What you do in your personal time is your business, but that's no way to run your company.

There are many luxuries in this life that I cannot afford. Not that there's anything wrong with that. I'm perfectly happy not owning a million-dollar home, taking expensive vacations every other week and buying new socks every day simply because I can. But like many of you, there is one luxury that I wish for every day: time.

If "wake, work like hell, collapse into bed" is a familiar refrain for you, you know what I'm talking about. Some days feel like nothing but maintenance-putting out fires, checking the oil, repairing the brakes, occasionally washing the damn thing when it gets too dirty to see out the windows-there is simply no time to do anything else. And some days, that's just fine. But if you do that every day, before long you'll drive yourself-no, not into a rut-over a very steep, very scary cliff.

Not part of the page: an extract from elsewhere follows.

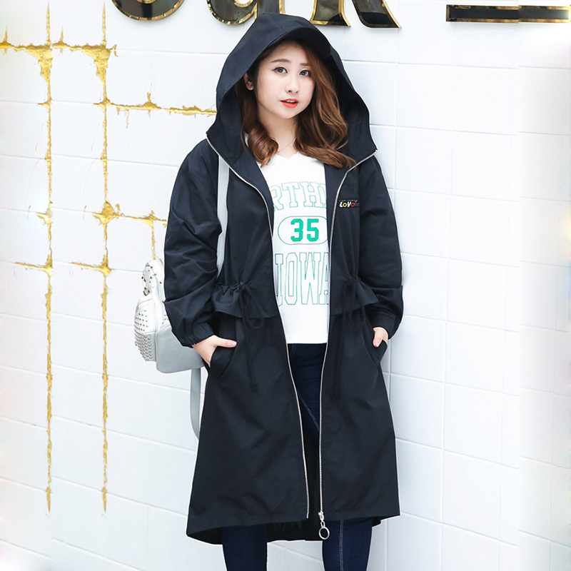 Women Trench Coats Plus Over Size 2020 New Spring Winter Lady Casual Outerwear With Hood Euro 48 50 Female Long Coats 4XL 5XL, Black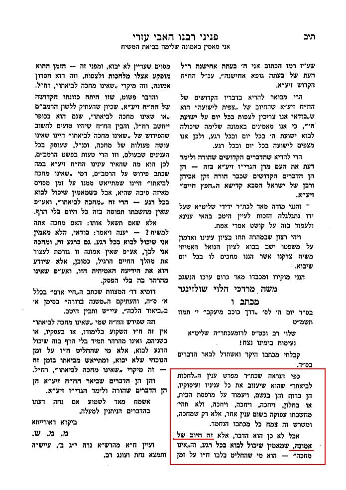 ברור שהציפיה היא חלק מהאמונה, אבל רק חלק... כתוב מפורש ברמב"ם שיש "אינו מאמין" - כלל בענין ביאת המשיח, ויש "אינו מחכה" - שמאמין בפרט מסוים ולא מאמין בפרט אחר, שמאמין שיבוא משיח ולא מאמין שיכול לבוא בזמן פלוני. וזה בדיוק מה שאמר הגרמ"צ, "ברמב"ם כתוב שצריך לחכות לביאת המשיח, חוץ ממה שצריך להאמין להאמין בו ולהיות 'מאמין בביאתו' צריך גם להיות 'מחכה לביאתו'". - להאמין בביאתו זה להאמין בעצם ביאתו, ומחכה לביאתו זה להאמין שיכול לבוא בכל רגע וכו' וכו', כמקובל. אין כאן מילה וחצי מילה ששונה ממה שמקובל. גם הרמב"ם קרא לזה בלשון "לחכות", והוא בסה"כ ציטט את לשון הרמב"ם. אם אתה אומר "אני מאמין" כל יום, אתה משנה את הנוסח ואומר ואע"פ שיתמהמה "אאמין שיכול לבוא בכל יום"? אתה אומר "אחכה לו", כלשון הפסוק "אם יתמהמה חכה לו", וגם הרמב"ם כתב שצריך להיות "מחכה לביאתו". ועל ה"מחכה" הזה הגרמ"צ דיבר, הוא ציטט את הרמב"ם. |

Now that I've gotten a chance to speak in metaphors, let me spell things out in relation to your start-up. (You knew that was coming, right?) If you're simply "maintaining" your business, you're not giving it a chance to grow. And I don't even mean expanding your business necessarily, though that might be a goal of yours. I mean re-evaluating your business on a regular basis to see if what you're doing is working. You might be surprised by what you find-it could be as small as learning that a particular marketing strategy is quite lame, or as large as discovering that your entire business model needs tweaking.

This concept, fleshed out in "Don't Make Yourself Comfortable," couldn't be more pertinent right now. During a time when the economy is placing higher demands on business, you can't afford not to make time for more than just maintenance.

Finding that time is not easy by any means, nor is it necessarily easy to muster the creativity. But then, luxuries-the ones that are truly worth it-are rarely easily had.